PROBLEM REQUIREMENTS ->
From the records below, output exactly the lines running from the line containing "Itaca cod. FB399" through the line containing "Ø 30_16 mm strappo", and no others.

SUPPLIED MATERIAL ->
§

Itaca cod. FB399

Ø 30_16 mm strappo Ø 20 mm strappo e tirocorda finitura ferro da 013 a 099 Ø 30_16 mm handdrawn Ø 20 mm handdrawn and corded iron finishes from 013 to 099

§

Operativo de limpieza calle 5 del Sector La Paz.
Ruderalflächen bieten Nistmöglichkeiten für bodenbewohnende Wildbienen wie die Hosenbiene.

§

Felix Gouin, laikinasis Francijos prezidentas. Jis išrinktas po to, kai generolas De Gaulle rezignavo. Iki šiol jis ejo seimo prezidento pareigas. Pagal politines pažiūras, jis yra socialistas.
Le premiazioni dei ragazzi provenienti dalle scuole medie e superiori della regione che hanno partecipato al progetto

§

SOLUTION TO THE EXERCISE ->
Itaca cod. FB399

Ø 30_16 mm strappo Ø 20 mm strappo e tirocorda finitura ferro da 013 a 099 Ø 30_16 mm handdrawn Ø 20 mm handdrawn and corded iron finishes from 013 to 099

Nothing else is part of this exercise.